On-colony PCR screening of putative transgenic P. tricornutum cells was performed as described by Nymark et al.26. Insertion of PtPDS-M1 in P. tricornutum genomic DNA was confirmed using the primer pair seq-fcpB-P-F (5′-ACATACCTTCAGCGTCGTCTTCACTG-3′) + PtPDS1-R (5′-CTAGGCTTCCACGAATTGACTAGGATCAAC-3′); similarly, eGFP was confirmed using eGFP-F (5′-CGTAAACGGCCACAAGTTCAG-3′) + eGFP-R (5′-AACTCCAGCAGGACCATGTG-3′).

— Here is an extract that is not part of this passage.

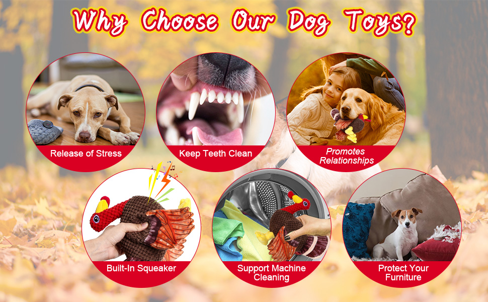 - THANKSGIVING TURKEY DOG TOY - Dog toys to Keep them busy with various interactive features, making it the perfect Thanksgiving gift for your furry friend.
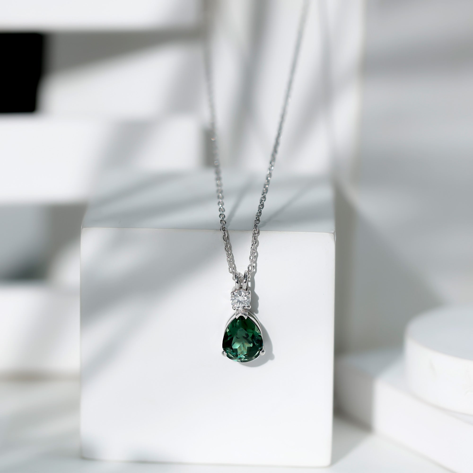 Pear Cut Created Green Sapphire Drop Pendant with Moissanite

Southern hybridization of purified genomic DNA from transgenic lines was performed to confirm integration of pPtPDS1-M1 DNA in the P. tricornutum genome. A wet pellet weighing 3 g was lyophilized and subsequently used for high quality genomic DNA purification following the Dellaporta protocol73. KpnI-digested genomic DNA (9 µg) was resolved on a 1% agarose gel and neutral blotted to a HyBond-N + nylon membrane (GE Healthcare, Little Chalfont, UK) for Southern blotting using a DIG High Prime DNA Labelling and Detection Starter Kit I (Roche, Penzberg, Germany). Templates for DIG labeling were PCR amplified and gel-eluted. A template for the eGFP probe (606 bp) was amplified with eGFP-F and eGFP-R primers. Similarly, a template for the PtPDS1 probe (581 bp) was amplified with PtPDS1-F and PtPDS1-R primers, followed by the addition of XhoI restriction enzyme (New England BioLabs, Ipswich, USA) to the PCR reaction (incubated at 37 °C for 2 h), and gel-elution of a 581 bp fragment. DIG-labeled probes were hybridized at 54 °C overnight and stringency washed at 68 °C.

Western blot analysis

Expression of eGFP in transgenic P. tricornutum lines was validated by probing a western blot of 20 µg crude protein extract resolved on a 10% SDS-PAGE gel with an anti-TAG(CGY)FP antibody (Evrogen, Moscow, Russia) at a dilution of 1:5000 and a secondary antibody, goat anti-rabbit IgG conjugated to horseradish peroxidase (Bio-Rad, Hercules, USA) at a dilution of 1:3000. Chemiluminescence development of the western blot bound antibody was done using an EZ-ECL Kit (Biological Industries, Beit Haemek, Israel) according to the manufacturer’s instructions and imaged with a MicroChemi detection system (DNR Bio-Imaging Systems Ltd., Jerusalem, Israel).

Fluorescence microscopy

In vivo characterization of lines expressing eGFP was verified by fluorescence microscopy with filter sets 38 HE and 16 for visualization of eGFP and chlorophyll auto-fluorescence, respectively, using a Zeiss Imager A2 microscope (Carl Zeiss MicroImaging Inc., Germany) with a Zeiss AxioCamMRc mounted digital camera.